--- Recorded data Enclosed Below ---

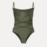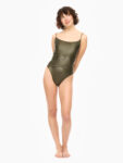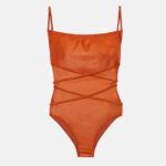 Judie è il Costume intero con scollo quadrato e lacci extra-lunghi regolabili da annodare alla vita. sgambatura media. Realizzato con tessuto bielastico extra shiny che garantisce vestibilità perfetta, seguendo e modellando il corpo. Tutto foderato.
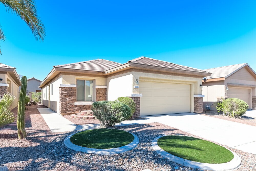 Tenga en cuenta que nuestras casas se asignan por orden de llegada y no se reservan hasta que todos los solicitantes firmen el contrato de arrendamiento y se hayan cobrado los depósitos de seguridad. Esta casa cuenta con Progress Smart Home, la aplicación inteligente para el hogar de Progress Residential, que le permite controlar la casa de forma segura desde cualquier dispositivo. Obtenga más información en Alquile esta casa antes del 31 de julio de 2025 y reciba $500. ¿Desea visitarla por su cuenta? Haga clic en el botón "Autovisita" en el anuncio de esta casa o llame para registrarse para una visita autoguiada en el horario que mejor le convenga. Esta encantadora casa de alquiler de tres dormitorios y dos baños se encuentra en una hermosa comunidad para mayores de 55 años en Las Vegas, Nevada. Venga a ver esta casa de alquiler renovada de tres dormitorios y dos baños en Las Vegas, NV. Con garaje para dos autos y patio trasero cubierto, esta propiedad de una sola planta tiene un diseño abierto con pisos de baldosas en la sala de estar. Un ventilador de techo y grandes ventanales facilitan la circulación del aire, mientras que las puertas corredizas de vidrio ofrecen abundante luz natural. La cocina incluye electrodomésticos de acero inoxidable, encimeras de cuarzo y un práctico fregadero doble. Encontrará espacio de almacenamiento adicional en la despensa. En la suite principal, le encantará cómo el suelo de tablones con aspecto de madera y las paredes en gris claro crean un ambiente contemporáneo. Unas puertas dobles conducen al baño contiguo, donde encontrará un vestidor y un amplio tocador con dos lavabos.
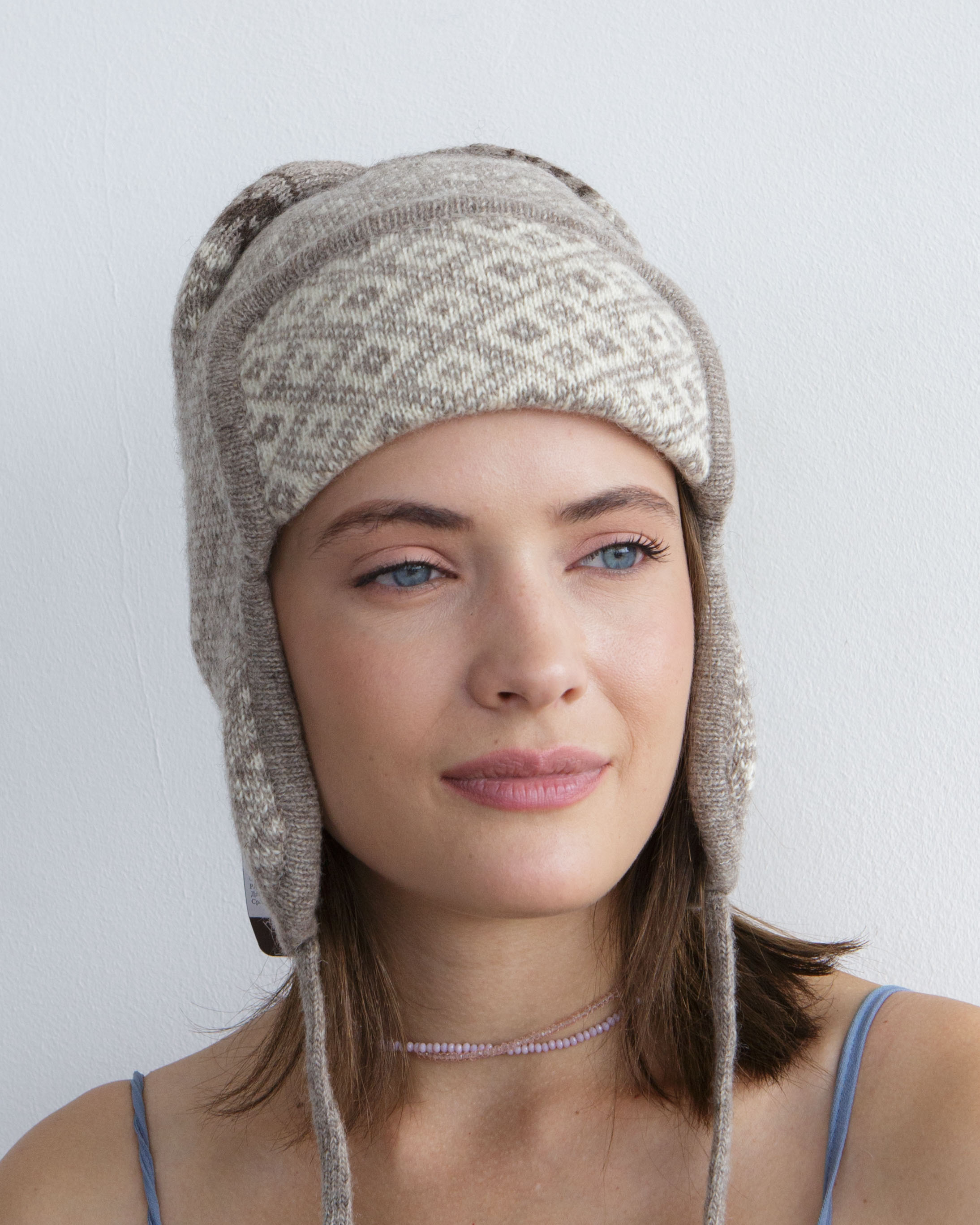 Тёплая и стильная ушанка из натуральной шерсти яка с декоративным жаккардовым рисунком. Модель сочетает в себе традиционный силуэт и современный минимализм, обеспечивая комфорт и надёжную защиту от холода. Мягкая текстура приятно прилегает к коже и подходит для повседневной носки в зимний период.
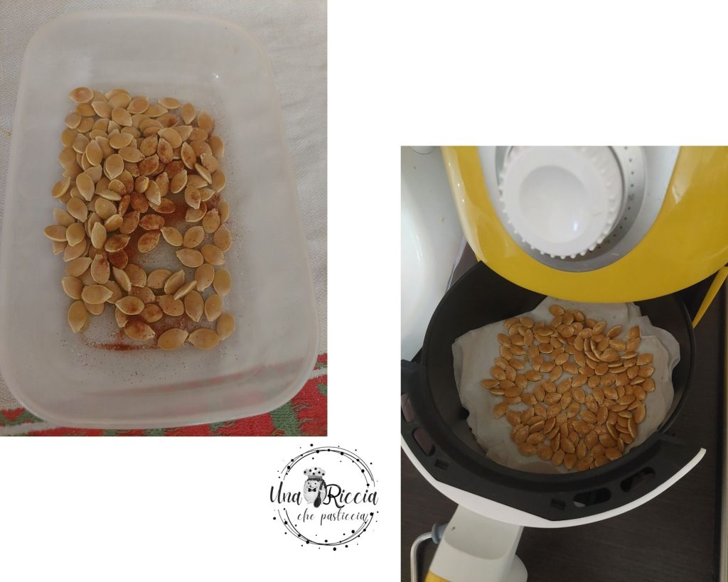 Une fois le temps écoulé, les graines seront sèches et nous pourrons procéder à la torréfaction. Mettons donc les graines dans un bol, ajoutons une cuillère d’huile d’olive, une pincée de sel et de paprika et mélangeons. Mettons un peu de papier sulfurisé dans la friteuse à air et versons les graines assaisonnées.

--- End of Enclosed Recorded data ---

Action item —
Restate all of the material word for word, leaving every picture out.

Exercise solution —
 Judie è il Costume intero con scollo quadrato e lacci extra-lunghi regolabili da annodare alla vita. sgambatura media. Realizzato con tessuto bielastico extra shiny che garantisce vestibilità perfetta, seguendo e modellando il corpo. Tutto foderato.
 Tenga en cuenta que nuestras casas se asignan por orden de llegada y no se reservan hasta que todos los solicitantes firmen el contrato de arrendamiento y se hayan cobrado los depósitos de seguridad. Esta casa cuenta con Progress Smart Home, la aplicación inteligente para el hogar de Progress Residential, que le permite controlar la casa de forma segura desde cualquier dispositivo. Obtenga más información en Alquile esta casa antes del 31 de julio de 2025 y reciba $500. ¿Desea visitarla por su cuenta? Haga clic en el botón "Autovisita" en el anuncio de esta casa o llame para registrarse para una visita autoguiada en el horario que mejor le convenga. Esta encantadora casa de alquiler de tres dormitorios y dos baños se encuentra en una hermosa comunidad para mayores de 55 años en Las Vegas, Nevada. Venga a ver esta casa de alquiler renovada de tres dormitorios y dos baños en Las Vegas, NV. Con garaje para dos autos y patio trasero cubierto, esta propiedad de una sola planta tiene un diseño abierto con pisos de baldosas en la sala de estar. Un ventilador de techo y grandes ventanales facilitan la circulación del aire, mientras que las puertas corredizas de vidrio ofrecen abundante luz natural. La cocina incluye electrodomésticos de acero inoxidable, encimeras de cuarzo y un práctico fregadero doble. Encontrará espacio de almacenamiento adicional en la despensa. En la suite principal, le encantará cómo el suelo de tablones con aspecto de madera y las paredes en gris claro crean un ambiente contemporáneo. Unas puertas dobles conducen al baño contiguo, donde encontrará un vestidor y un amplio tocador con dos lavabos.
 Тёплая и стильная ушанка из натуральной шерсти яка с декоративным жаккардовым рисунком. Модель сочетает в себе традиционный силуэт и современный минимализм, обеспечивая комфорт и надёжную защиту от холода. Мягкая текстура приятно прилегает к коже и подходит для повседневной носки в зимний период.
 Une fois le temps écoulé, les graines seront sèches et nous pourrons procéder à la torréfaction. Mettons donc les graines dans un bol, ajoutons une cuillère d’huile d’olive, une pincée de sel et de paprika et mélangeons. Mettons un peu de papier sulfurisé dans la friteuse à air et versons les graines assaisonnées.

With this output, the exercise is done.